The summer, it seemed, had been one long series of clashes with her grandmother. She hadn't enjoyed one day of it, she assured him; that is, not a whole day, for of course there were some gorgeous times in between. Her friends had not been welcome at the house, and one (whom Quin devoutly hoped was Mr. Phipps) had been openly insulted. She had not been allowed to take part in the play given at the club-house, when it had been planned with her especially in mind for the leading rôle. She had even been forbidden to go to the last boathouse dance, because it was a moonlight affair, and grandmother had never heard of such a thing as dancing without lights.

"She has spent the entire summer nagging at me," Eleanor concluded. "I couldn't do a thing to please her. If I stayed in she wanted me to go out; if I went out she thought I ought to stay in. If I put on one dress she invariably made me change it for another. And as for being late to meals, why, each time it happened you would have thought I'd broken the ten commandments."

"Couldn't you have pushed up the stroke and got there on time?" asked Quin, whose army training made him inclined to sympathize with Madam at this point.

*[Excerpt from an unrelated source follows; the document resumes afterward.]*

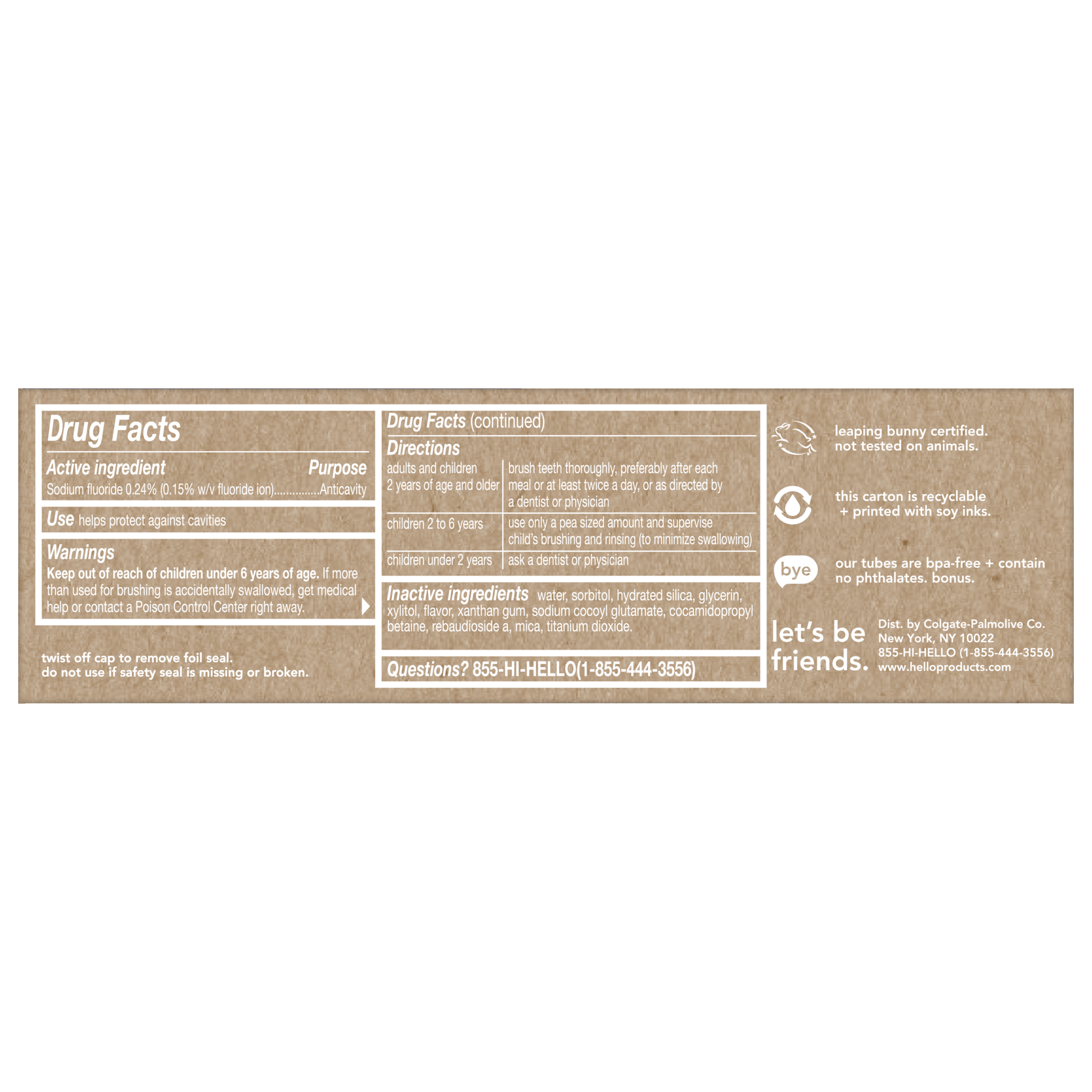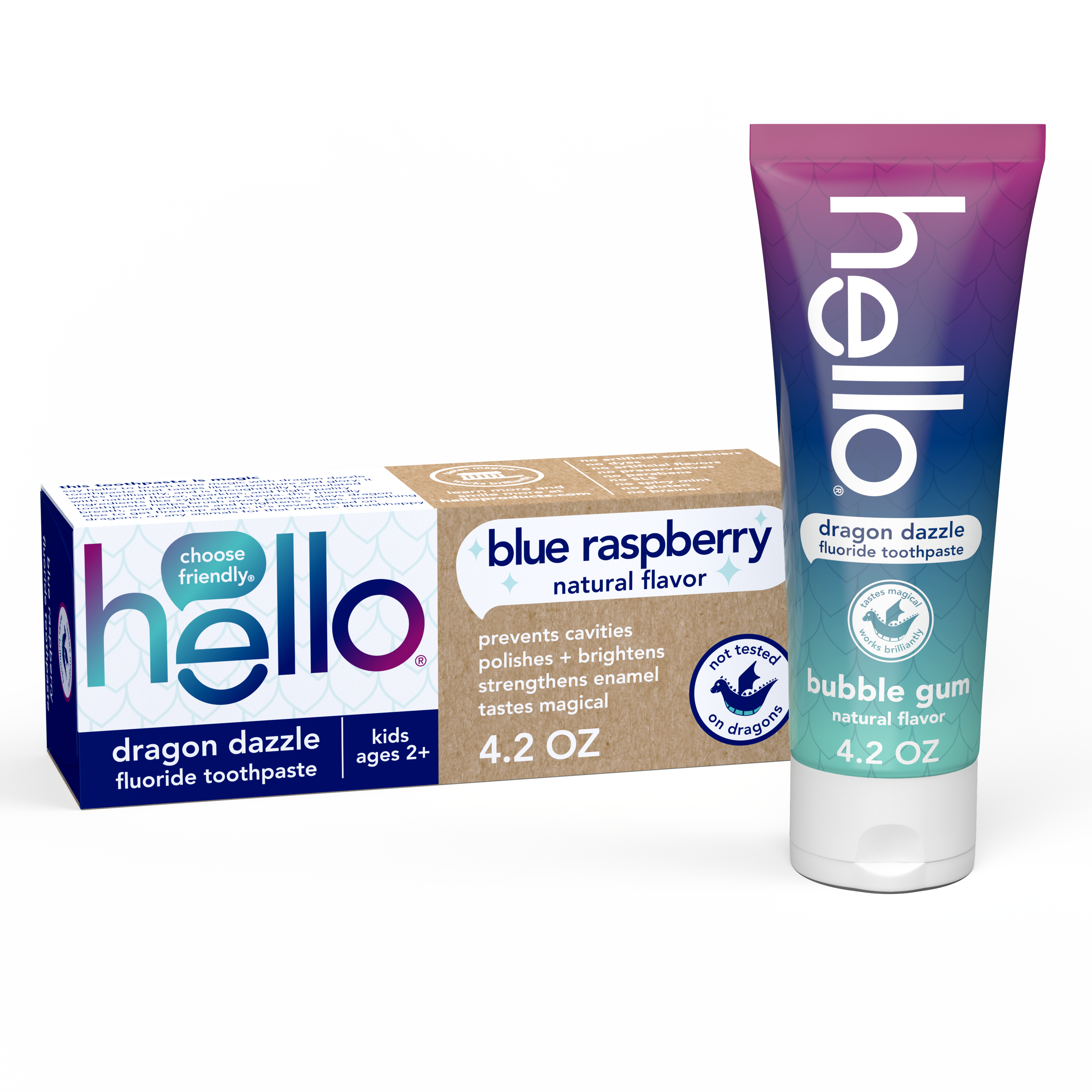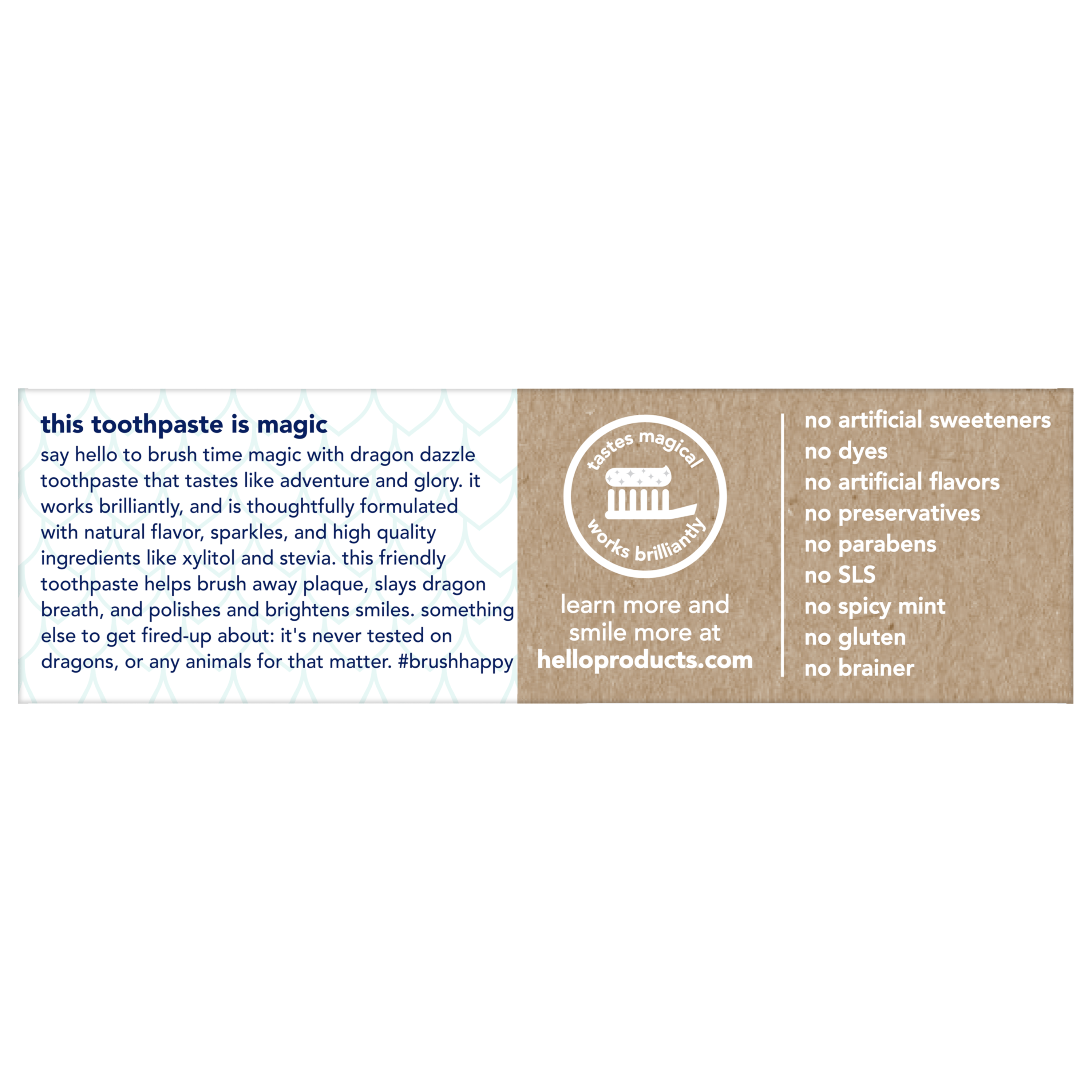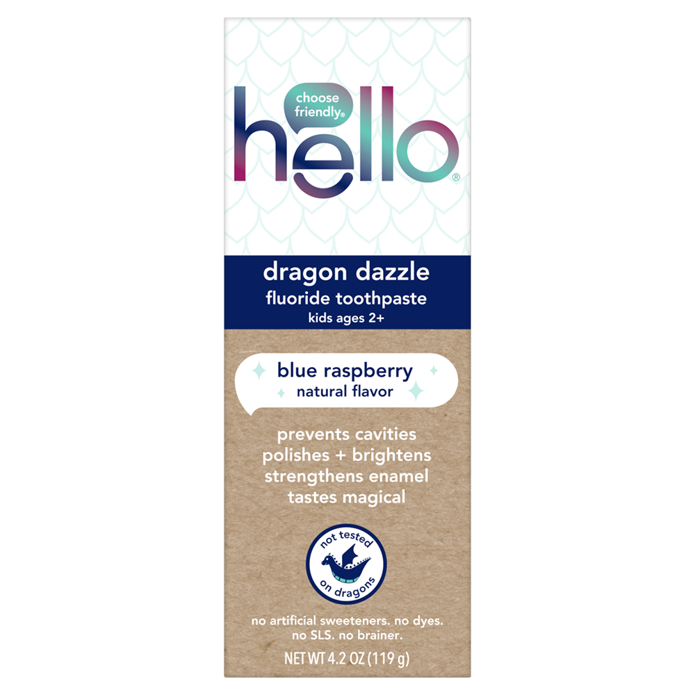 SKU 61038924 Consumer Unit - GTIN 00819156021803 Case - GTIN 20819156021807 Product Category Oral Care Product Sub Category Toothpaste Product Equity (Brand) hello Product Sub Brand Hello Kids TP Product Title hello Dragon Dazzle Kids Toothpaste with Fluoride, Blue Raspberry Toothpaste, 4.2 Oz Tube Product Description hello Dragon Dazzle Kids Toothpaste with Fluoride, Blue Raspberry Toothpaste, 4.2 Oz Tube Say hello to brush time magic and celebrate more everyday yay with hello Dragon Dazzle Kids Toothpaste with Fluoride. This dragon dazzle children’s toothpaste tastes like adventure and glory and works brilliantly. This kids fluoride toothpaste is safe for kids ages 2 and up and the blue raspberry toothpaste flavor is a fun way to encourage regular brushing habits at an early age and slay dragon breath. This Kids Toothpaste Is Magic hello Dragon Dazzle Kids Toothpaste with Fluoride is thoughtfully formulated with natural flavor, sparkles, and high quality ingredients like xylitol and stevia. This kids toothpaste has a fun blue raspberry taste making brushing more enjoyable. And because it’s formulated with fluoride, this children's toothpaste can also help prevent cavities and strengthen enamel, all while brushing away plaque with brilliance and grace. Help polish and brighten your little ones teeth with hello Dragon Dazzle Kids Fluoride Toothpaste. K(no)w Your Toothpaste We’re serious about being friendly, and about what goes into little mouths. That means making a kids toothpaste that contains no artificial sweeteners, artificial flavors, preservatives, SLS, parabens, dyes, spicy mint, and that is gluten free. Plus, this children’s toothpaste is not tested on dragons, or any animals for that matter. Choose friendly and brush happy with hello Dragon Dazzle Kids Toothpaste with Fluoride. eCommerce Copy- Long Description hello Dragon Dazzle Kids Toothpaste with Fluoride, Blue Raspberry Toothpaste, 4.2 Oz Tube Say hello to brush time magic and celebrate more everyday yay with hello Dragon Dazzle Kids Toothpaste with Fluoride. This dragon dazzle children’s toothpaste tastes like adventure and glory and works brilliantly. The kids fluoride toothpaste is safe for kids ages 2 and up and the blue raspberry toothpaste flavor is a fun way to encourage regular brushing habits at an early age and slay dragon breath. This Kid Toothpaste Is Magic hello Dragon Dazzle Kids Toothpaste with Fluoride is thoughtfully formulated with natural flavor, sparkles, and high quality ingredients like xylitol and stevia. This kids toothpaste has a fun blue raspberry taste making brushing more enjoyable. And because it’s formulated with fluoride, this children's toothpaste can also help prevent cavities and strengthen enamel, all while brushing away plaque with brilliance and grace. Help polish and brighten your little one’s teeth with hello Dragon Dazzle Kids Fluoride Toothpaste. K(no)w Your Toothpaste We’re serious about being friendly, and about what goes into little mouths. That means making a kids toothpaste that contains no artificial sweeteners, artificial flavors, preservatives, SLS, parabens, dyes, spicy mint, and that is gluten free. Plus, this children’s toothpaste is not tested on dragons, or any animals for that matter. Choose friendly and brush happy with the hello Dragon Dazzle Kids Toothpaste with Fluoride. Bullet 1 WHAT I’M GETTING: Includes one (1) 4.2 oz tube of hello Dragon Dazzle Kids Toothpaste with Fluoride, Blue Raspberry Toothpaste for Kids Bullet 2 FIGHTS CAVITIES: This kids fluoride toothpaste is safe for children ages 2 and up and helps prevent cavities and strengthens growing teeth using fluoride Bullet 3 MAGICALLY BRILLIANT: The dragon kids toothpaste tastes like magic and works brilliantly as a children’s toothpaste to build good brushing habits and help brush away plaque Bullet 4 DAZZLING BRIGHT: hello Dragon Dazzle Kids Toothpaste is formulated with natural flavor and high quality ingredients and also helps polish and brighten little teeth Bullet 5 NO BRAINER: This gluten-free blue raspberry toothpaste is made with no SLS, preservatives, parabens, dyes, spicy mint, artificial sweeteners or artificial flavors Active Ingredients Sodium Fluoride 0.24% (0.15% w/v fluoride ion) Walmart RPC 204100181 Walmart URL (Computed) https://www.walmart.com/ip/a/204100181 Target RPC 83388538 Target URL https://www.target.com/p/a/-/A-83388538 Family Dollar RPC 997379

"No, I could not. I am always late. It's a Martel trait—that's why it infuriates grandmother. But it wasn't any of these things I've been telling you that caused the real trouble. It was her constant interference in my private affairs. I am simply sick of being dictated to about my choice of friends."

"You mean Mr. Phipps?"

She looked at him quickly. "How did you know?"

"Mrs. Ranny told me he was up there, and I guessed there was a shindy."

"I should say there was—for the entire three days he was there! If he hadn't been big enough to rise above it and ignore grandmother, she would have succeeded in breaking up one of the most beautiful friendships of my life."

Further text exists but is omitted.